Under the Horn of Africa Initiative, over the past 18 months, the WB, AfDB, and EU have been supporting a country-driven process that has allowed the development of a platform for Djibouti, Ethiopia, Kenya, and Somalia (Eritrea has participated in some sessions) to discuss and agree on priorities at the Ministerial and technical levels. IGAD has also participated in these discussions. The countries have come together to agree on a set of priority regional investments that are meant to address the underlying fragility drivers in the subregion by opening up trade and investment opportunities in lagging and borderlands, fostering integration as a key pillar of economic recovery and poverty reduction, and promoting incentives for countries to collaborate on shared challenges and common risks to resilience.

The HoA Initiative is built upon the premise that sustaining progress is dependent on four principles based on experiences from similar efforts in the past: countries remain committed to continuing political momentum on cooperation; countries have agreed upon and are implementing a set of prioritized regional investments to tackle the fragility drivers; countries are willing to collectively tackle policy harmonization to deepen integration; partners are committed to providing support over the medium-term based on demonstration of results and impacts.

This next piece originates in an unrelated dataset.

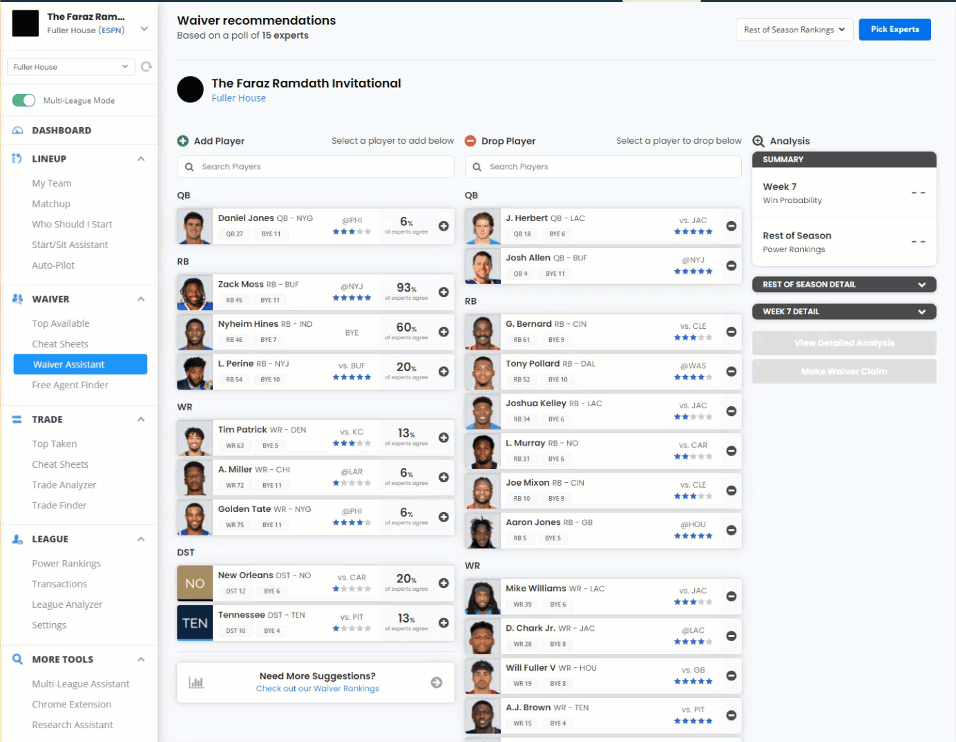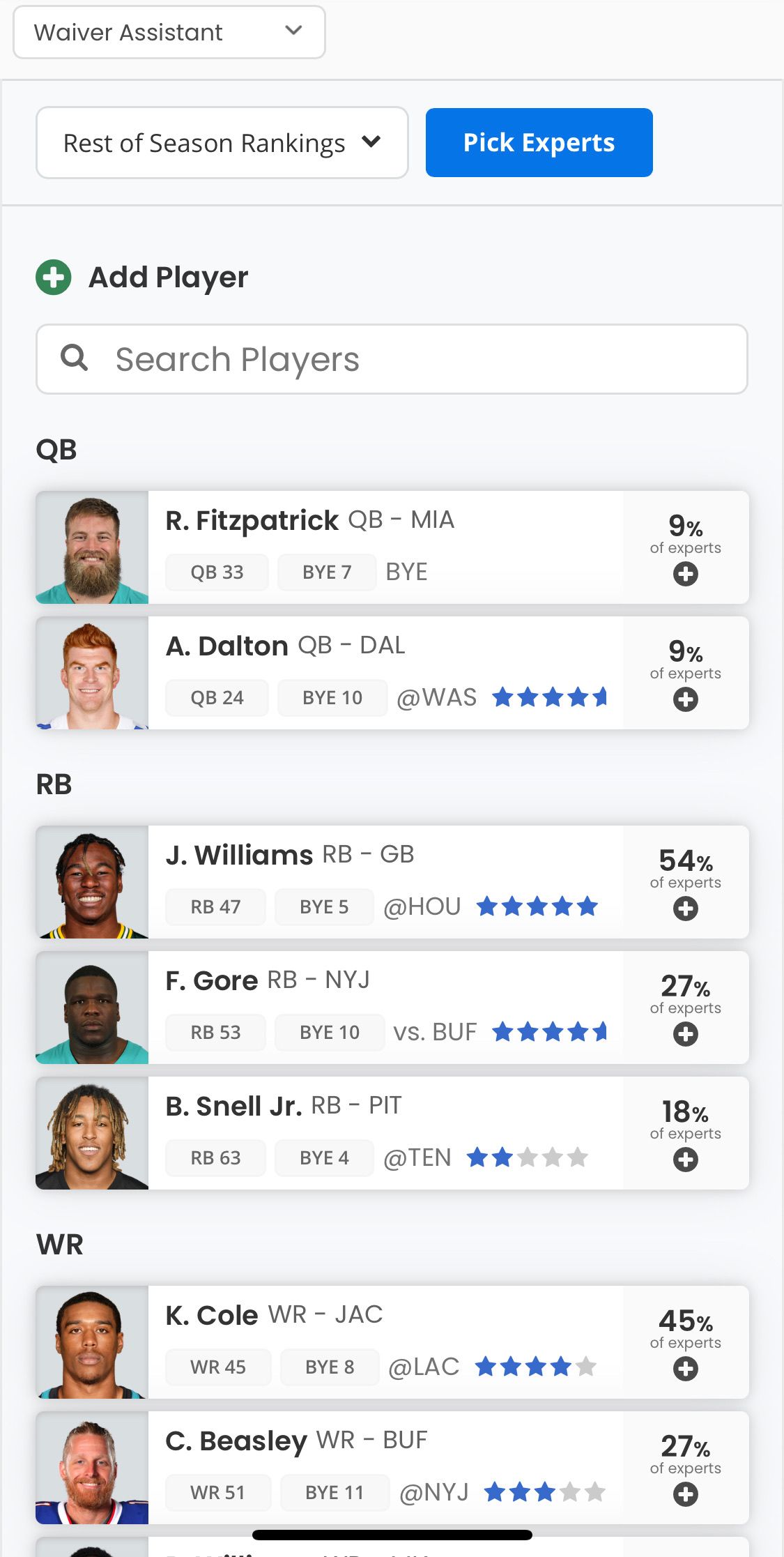 - For the waiver recommendations, the percentage of experts that would add the recommended player to your roster.

On this basis, the WB has announced support of US$2 billion to the HoA Initiative during IDA19, the World Bank Group’s concessional financing window that provides low or no-interest loans and grants to the world’s poorest countries. The lending program under IDA19 in the Horn is expected to focus on financing rehabilitation of sections of two economic corridors linking Ethiopia to the coastal countries, improving energy access through promoting power trade, supporting agro-pastoralism and food security due to shocks, and pandemic preparedness. The joint WBG strategy and sector-wise implementation plan being implemented in the Sahel will be replicated in the Horn to create private finance opportunities in connectivity and regional infrastructure, productive real sectors through value chain linkages, replicable business models, inclusive approaches, and cross-cutting themes such as an enabling business environment. Investing in key-value chains will include unlocking the potential of the livestock value chain in the Horn of Africa region. Work is also underway on a Horn of Africa Regional Economic Memorandum as well as analysis of groundwater and a Risk and Resilience Assessment (RRA) to better understand the political and other factors influencing fragility drivers and integration efforts. The WBG, working with the other development partners, will continue to play a facilitative role in convening and advancing this important initiative.